## Work instructions
Write out, exactly and in full, the line where "不锈钢不掉色手镯玫瑰金钻石手镯代工" appears together with all lines that follow it in the entries below. Do not include pictures.

## Provided material

• • • •

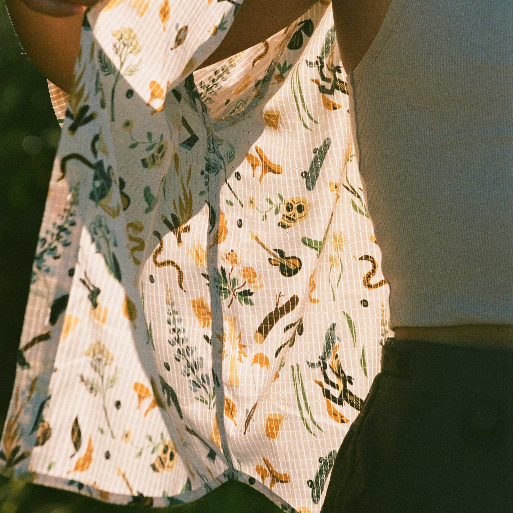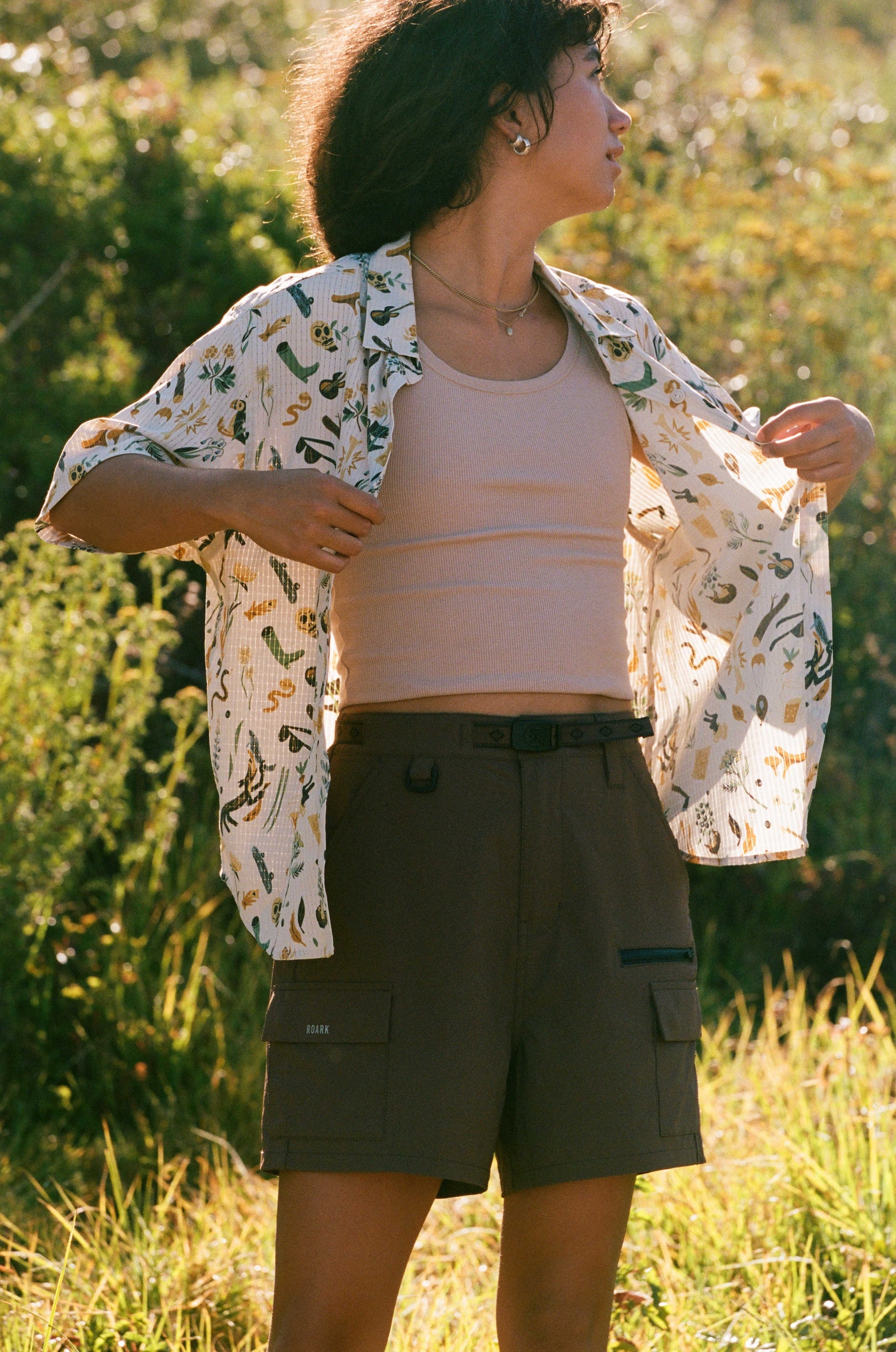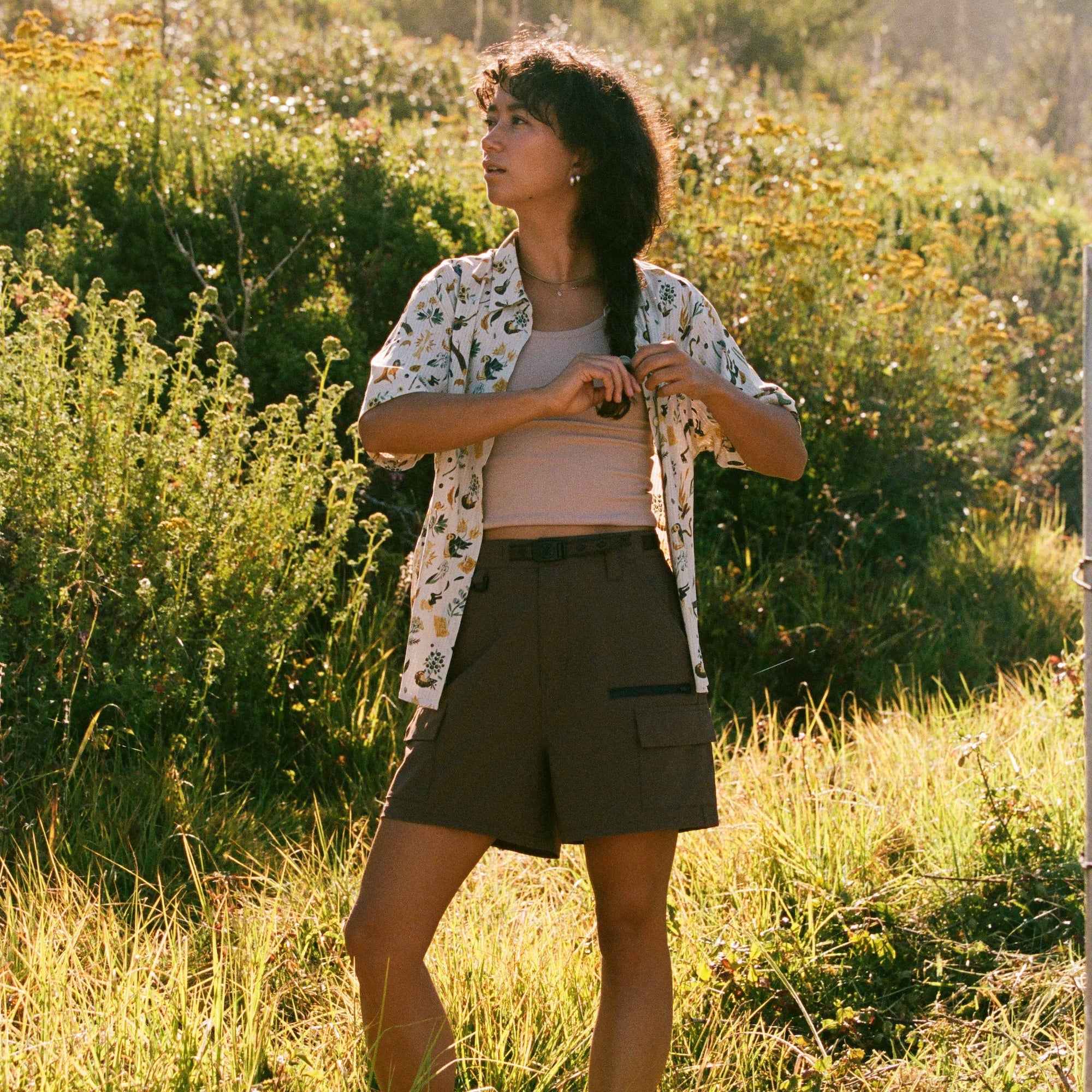 Clear your closet. For those hot summer days at the beach and those high-desert hikes, you're going to want The Bless Up Short Sleeve. Crafted from breathable, perforated fabric to keep you covered from the elements, but retain a cool temp and moisture-wicking quick-dry fabric, you'll be comfortable all day long. Designed with an oversized fit and rubberized buttons, you won't believe the durability and strength of this lightweight shirt, it'll be like you're wearing nothing at all. Style with your favorite black triangle bikini or Well Worn Tank for added flare.
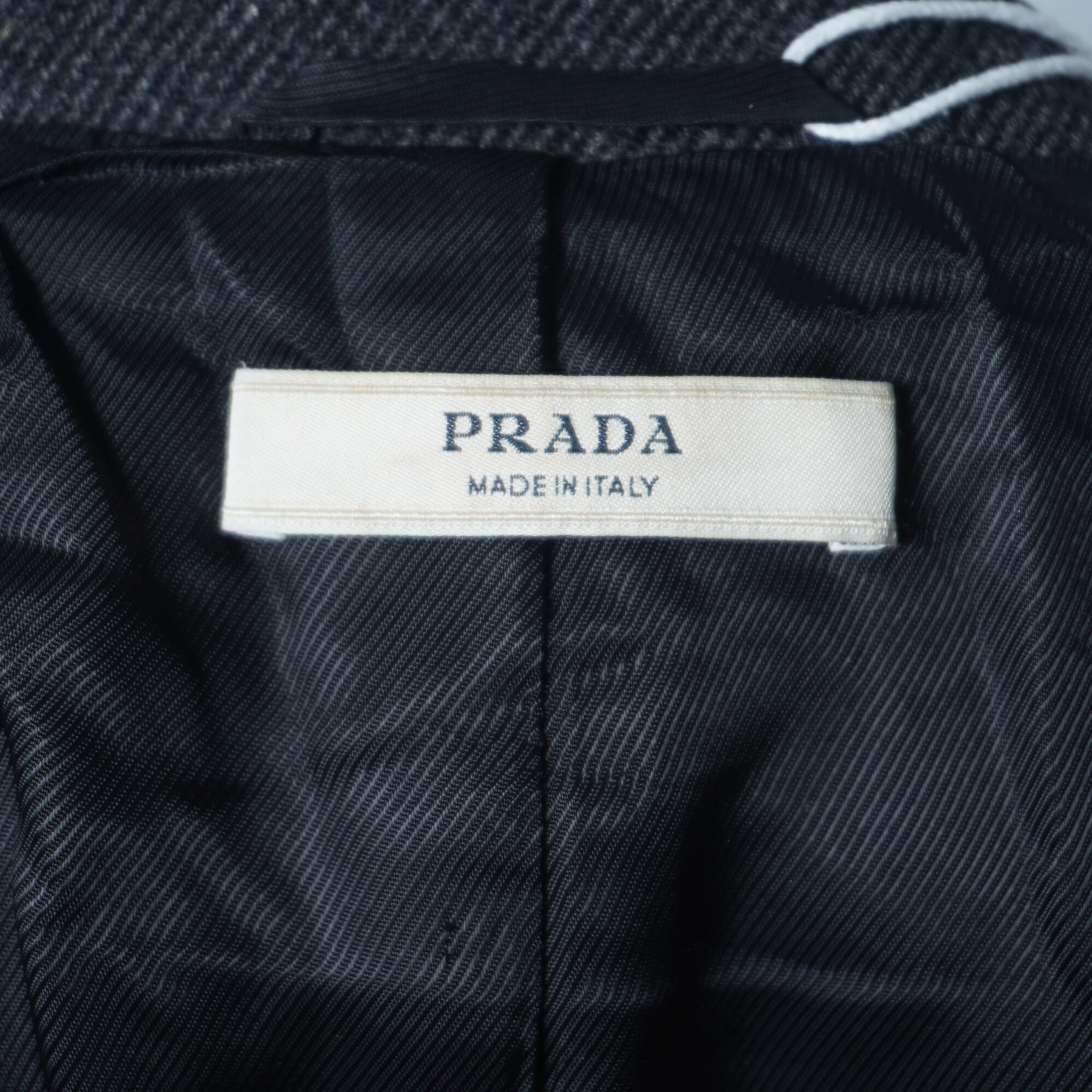 【PRADA】プラダ ウールヘリンボーンレザー切替スリムコート charcoal
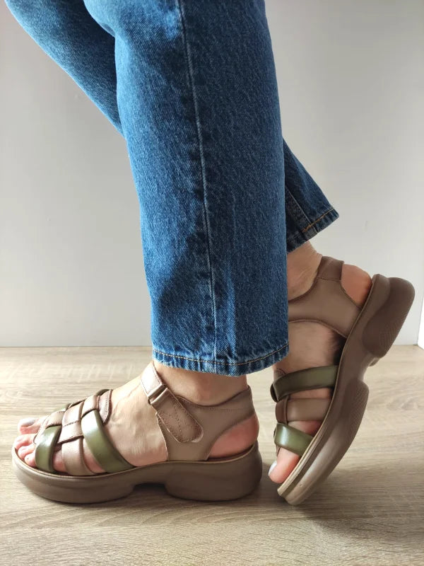 Sandale casual din piele naturală, cu un mix cromatic apricot și verde ce atrage imediat privirea. Baretele late și încrucișate, combinate cu talpa groasă profilată și închiderea practică cu scai, oferă un plus de confort și stabilitate. O alegere excelentă pentru ținute lejere, cu personalitate.
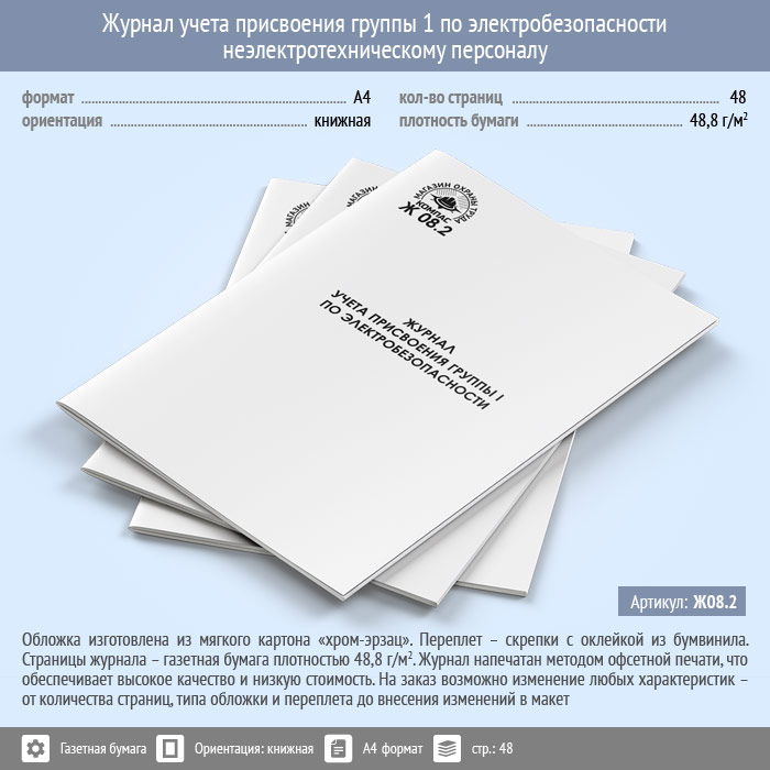 Журнал учета присвоения группы 1 по электробезопасности неэлектротехническому персоналу (48 стр., Ж08.2) в Ачинске купить
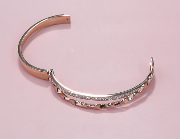 不锈钢不掉色手镯玫瑰金钻石手镯代工
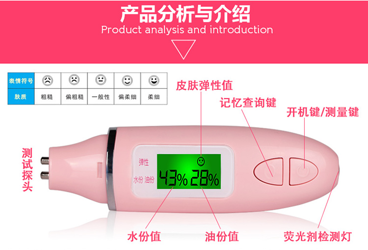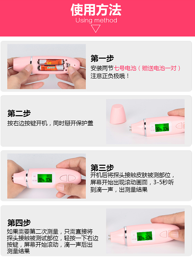Its so easy to use, just turn it on, touch the probe on your skin and see the skin condition with real figure on its u0026nbsp;easy-to-read LCD display. This analyzer lets you know how good or how bad your skin condition is. This pen u0026nbsp;type tool is so compact that you can even place it in your pocket. Moreover, its battery operated, so you can u0026nbsp;carry it anywhere and use it anytime.
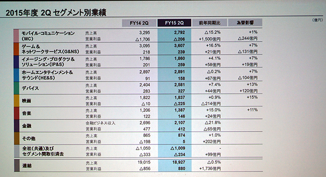 ソニー、2Qは増収増益。AV機器増益、スマホ損益改善も通期予想は据え置き
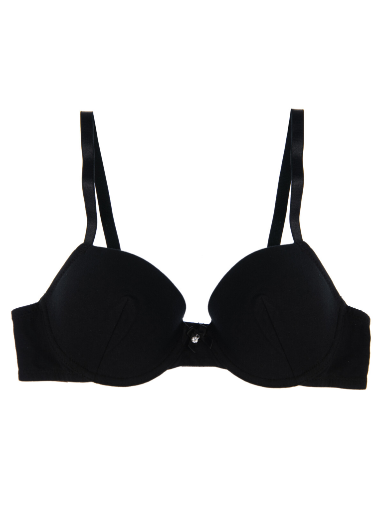 Бюстгальтер с формованными чашками с косточкой. Застежка на 2 крючка, благодаря 3 рядам креплений регулируется по объему. Лямки можно отрегулировать по длине и при необходимости соединить на спине между собой.

• • • •

## Solution to the exercise
 不锈钢不掉色手镯玫瑰金钻石手镯代工
Its so easy to use, just turn it on, touch the probe on your skin and see the skin condition with real figure on its u0026nbsp;easy-to-read LCD display. This analyzer lets you know how good or how bad your skin condition is. This pen u0026nbsp;type tool is so compact that you can even place it in your pocket. Moreover, its battery operated, so you can u0026nbsp;carry it anywhere and use it anytime.
 ソニー、2Qは増収増益。AV機器増益、スマホ損益改善も通期予想は据え置き
 Бюстгальтер с формованными чашками с косточкой. Застежка на 2 крючка, благодаря 3 рядам креплений регулируется по объему. Лямки можно отрегулировать по длине и при необходимости соединить на спине между собой.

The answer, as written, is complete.